Suffering and Worldviews
Christians should have a far different response to suffering than atheists:
Can one accept the reality of God and of suffering, and not have a fundamental contradiction? For thousands of years philosophers and theologians have argued that we can indeed believe in a good and loving God while also affirming the reality of evil. The two do not cancel each other out. I have written often on these matters, eg.: https://billmuehlenberg.com/2007/04/20/worldviews-and-the-problem-of-evil/
Here I want to revisit the discussion, but narrow things down a bit. The Judeo-Christian worldview says that sorrows and sufferings can be used by God for good – they can be redeemed. They need not be wasted. Scripture speaks to this, as do countless believers over the centuries who have seen God transform their lives, even in the midst of the darkest of times.

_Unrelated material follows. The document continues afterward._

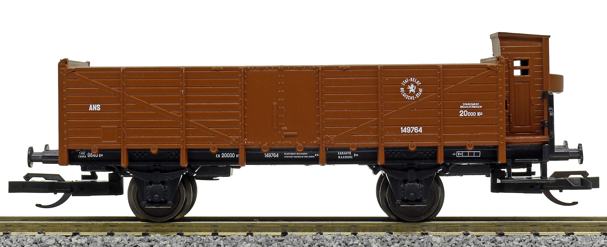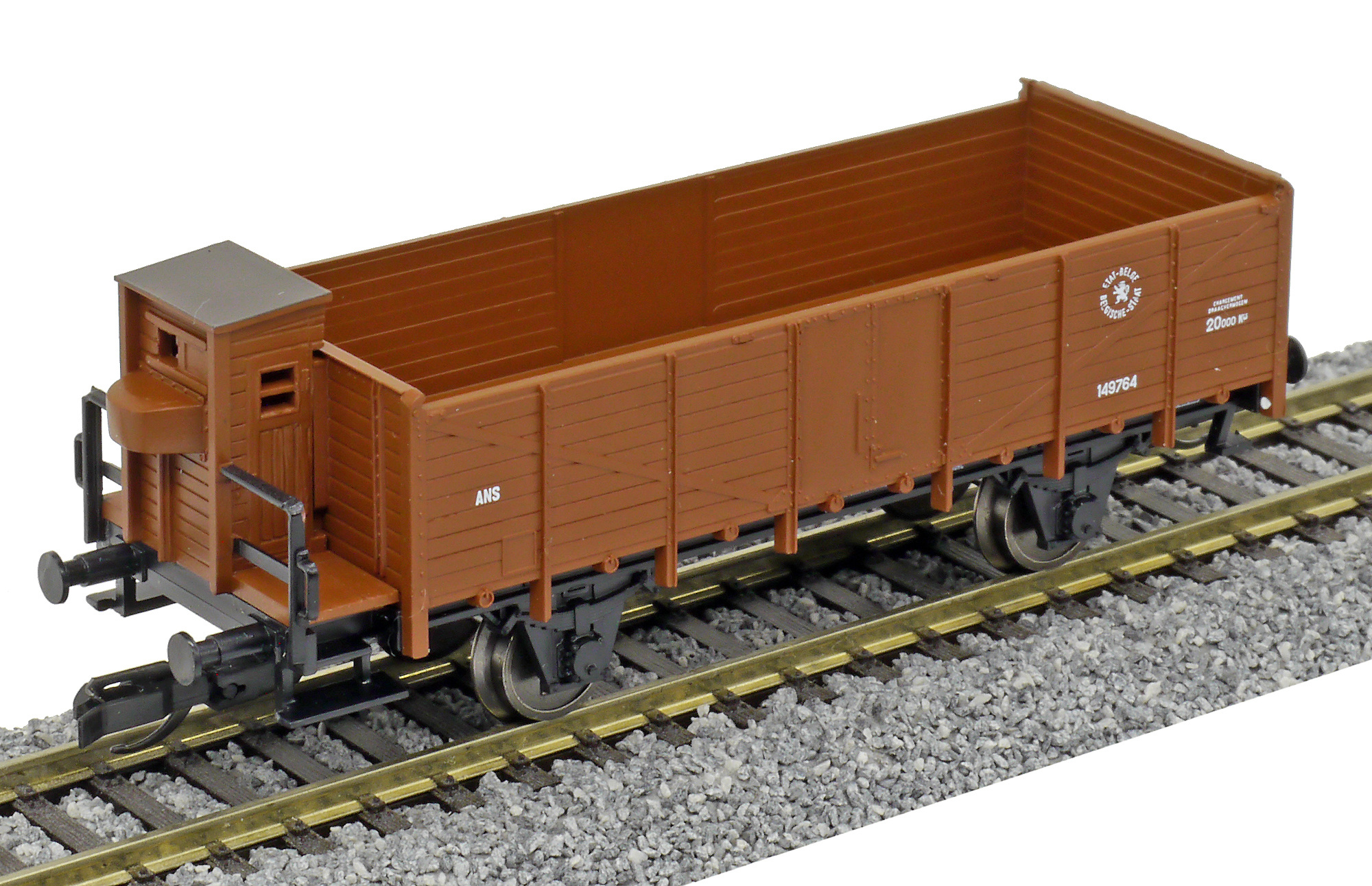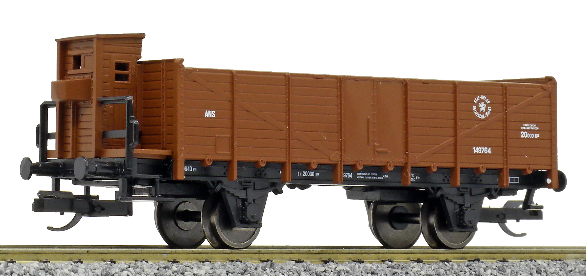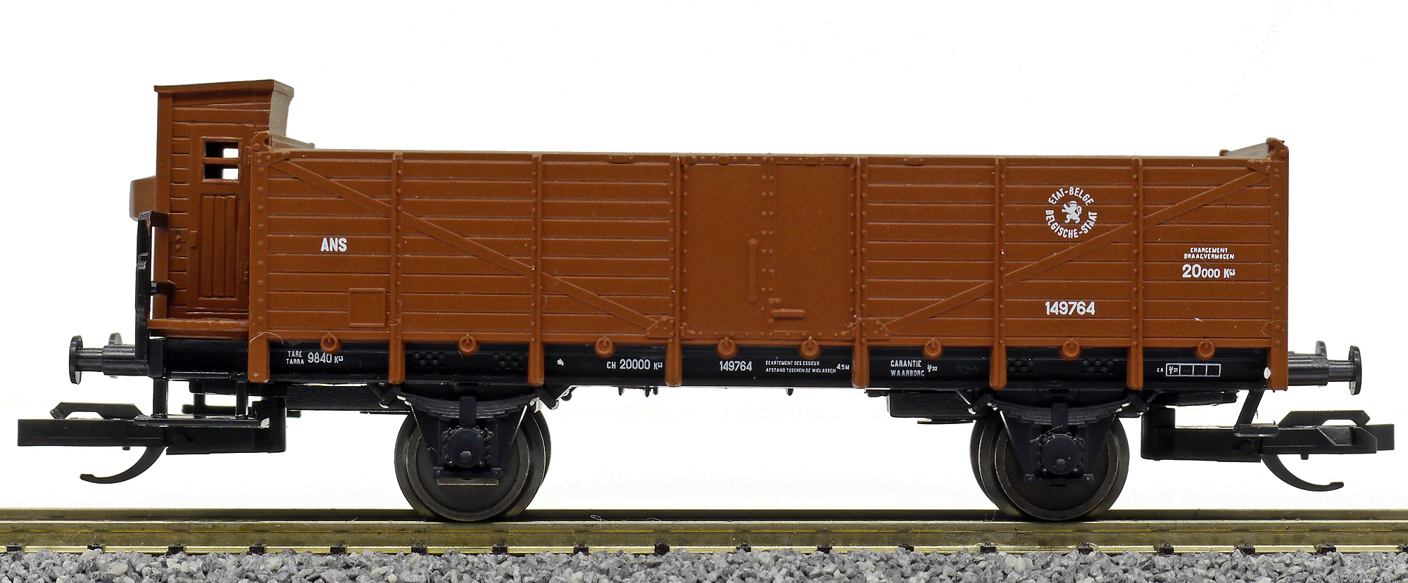 | otevřený nákladní vůz červenohnědý s brzdařskou budkou |

Church history is full of such examples. So many have gone through the deepest valleys and suffered terribly, but they can still testify to a good and faithful God, and how their trials and tribulations actually brought them closer to God and to others.
I recently wrote a piece on the famous Christian author Elisabeth Elliot who lost her own husband on the mission field. The article mentioned how she has inspired millions of people worldwide, and helped so many to deal with pain, loss and suffering: https://billmuehlenberg.com/2020/06/30/elizabeth-elliot-on-suffering/
Writing about such champions of the faith usually encourages others, as evidenced by the comments that come in. But not everyone will give the thumbs up. There are always angry atheists and vexatious trolls who get upset and want to come and pick a fight.
One such person for example felt the need to send in a critical comment. In a rather cold and embittered fashion (as we might expect from misotheists) this person said: “This is so silly. There is nothing good about suffering. Life is what it is, but do not celebrate suffering.”
But that comment is silly – and sad – for so many reasons. Of course neither I nor Elliot are claiming that we should ‘celebrate’ suffering per se. The things that we suffer and grieve about are NOT good in themselves, nor are they worth celebrating. Death, rape, suicide, job losses, cancer, and so on are all not good things.
But the issue is this: How do we respond to such things? Simply put, suffering can make us bitter or make us better. The question is, how will we react as we suffer? Will we allow suffering to produce positive outcomes in our lives – even to serve redemptive purposes? Or will we just become angry, bitter and resentful?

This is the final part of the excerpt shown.